# SIMD

SIMD stands for "Single Instruction Multiple Data" and falls into the category of instruction level parallelism (vector instructions).

In [1]:
function mysum(X)
    acc = zero(eltype(X))
    for i in 1:length(X)
        @inbounds acc += X[i]
    end
    return acc
end

mysum (generic function with 1 method)

Think about if each loop iteration is independent.

Integer addition is **associative** and the order of operations has no impact. Floating-point addition is **non-associative** and the order of operations is important.

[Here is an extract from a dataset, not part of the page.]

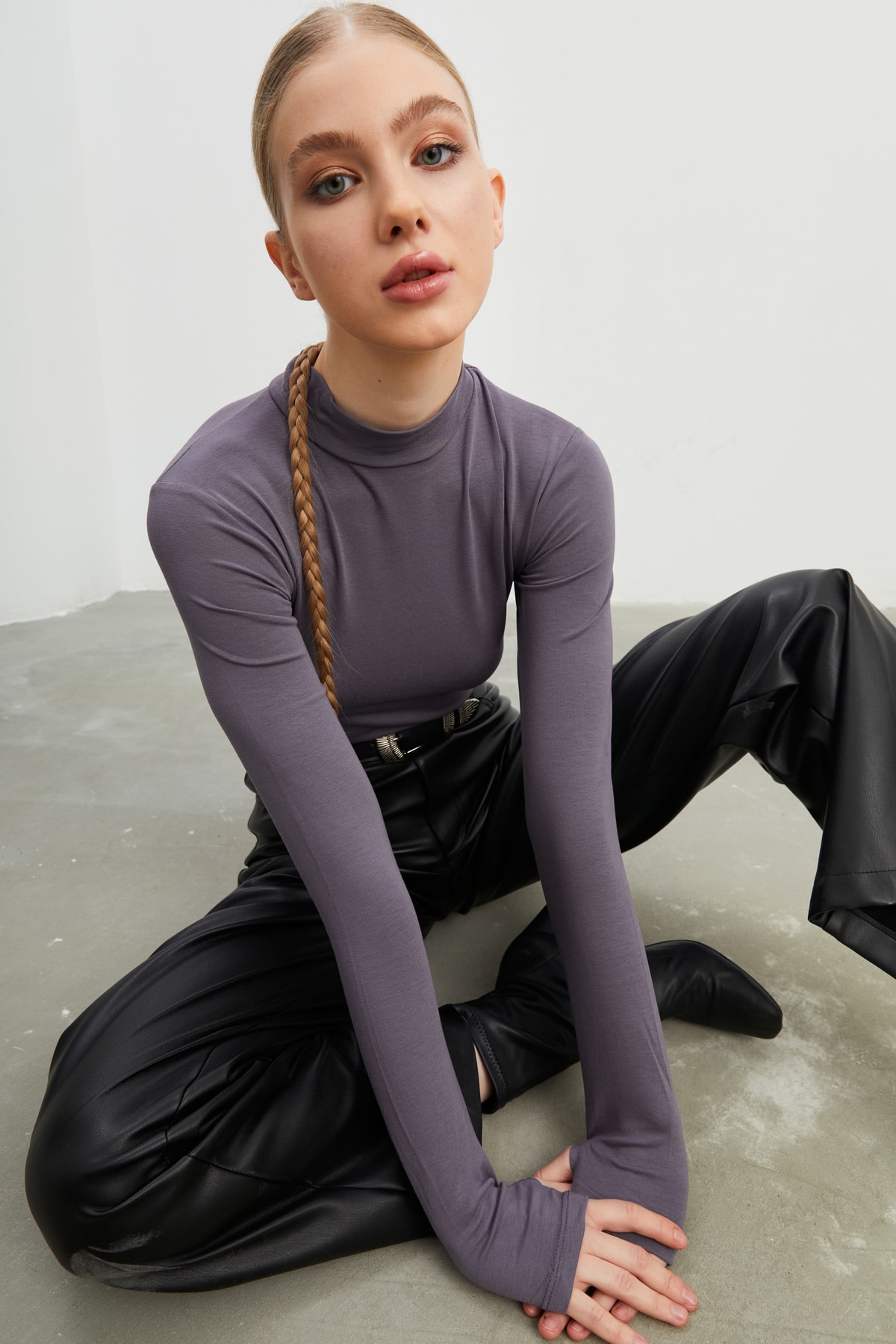 Kadın Açık Eflatun Parmak Detaylı Body Kadın Açık Eflatun Parmak Detaylı Body LDM-9001 2XL
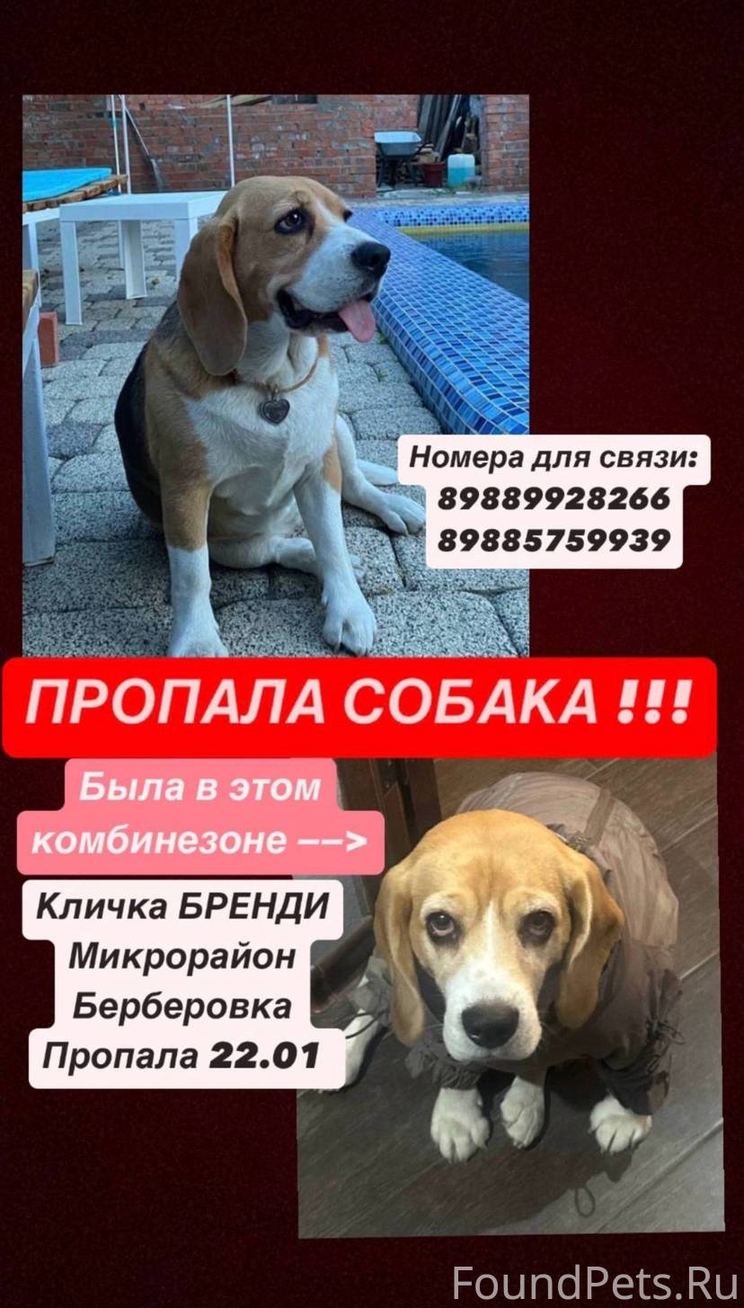 Потерялась собака породы бигл девочка по клички Бренди, Ростов-на-дону район Берберовки ( старый автовокзал ) рыжий-черный-белый окрас, была в фиолетовом комбинезоне как на втором фото и в шлейке, имеется большой шрам вдоль всего живота

By using `@simd`, we are asserting several properties of the loop:

* It is safe to execute iterations in arbitrary or overlapping order, with special consideration for reduction variables.
* Floating-point operations on reduction variables can be reordered, possibly causing different results than without `@simd`.

In [2]:
function mysum_simd(X)
    acc = zero(eltype(X))
    @simd for i in 1:length(X)
        @inbounds acc += X[i]
    end
    return acc
end

mysum_simd (generic function with 1 method)

In [5]:
using BenchmarkTools

In [6]:
X = rand(Float64, 1000)
@btime mysum($X);
@btime mysum_simd($X);

  964.571 ns (0 allocations: 0 bytes)
  63.594 ns (0 allocations: 0 bytes)


In [7]:
X = rand(Int64, 1000)
@btime mysum($X);
@btime mysum_simd($X);

  42.304 ns (0 allocations: 0 bytes)
  42.062 ns (0 allocations: 0 bytes)


In [60]:
X = rand(Float64, 1000)
s = mysum(X);
s_simd = mysum_simd(X);

In [61]:
s == s_simd # will sometimes be false!!!

false

In [62]:
abs(s-s_simd)

3.979039320256561e-13

In [85]:
@code_native debuginfo=:none mysum(X)

	.section	__TEXT,__text,regular,pure_instructions
	movq	8(%rdi), %rax
	testq	%rax, %rax
	jle	L46
	movq	%rax, %rcx
	sarq	$63, %rcx
	andnq	%rax, %rcx, %rax
	movq	(%rdi), %rcx
	vxorpd	%xmm0, %xmm0, %xmm0
	xorl	%edx, %edx
	nop
L32:
	vaddsd	(%rcx,%rdx,8), %xmm0, %xmm0
	incq	%rdx
	cmpq	%rdx, %rax
	jne	L32
	retq
L46:
	vxorps	%xmm0, %xmm0, %xmm0
	retq
	nopw	%cs:(%rax,%rax)
	nopl	(%rax)


In [86]:
@code_native debuginfo=:none mysum_simd(X)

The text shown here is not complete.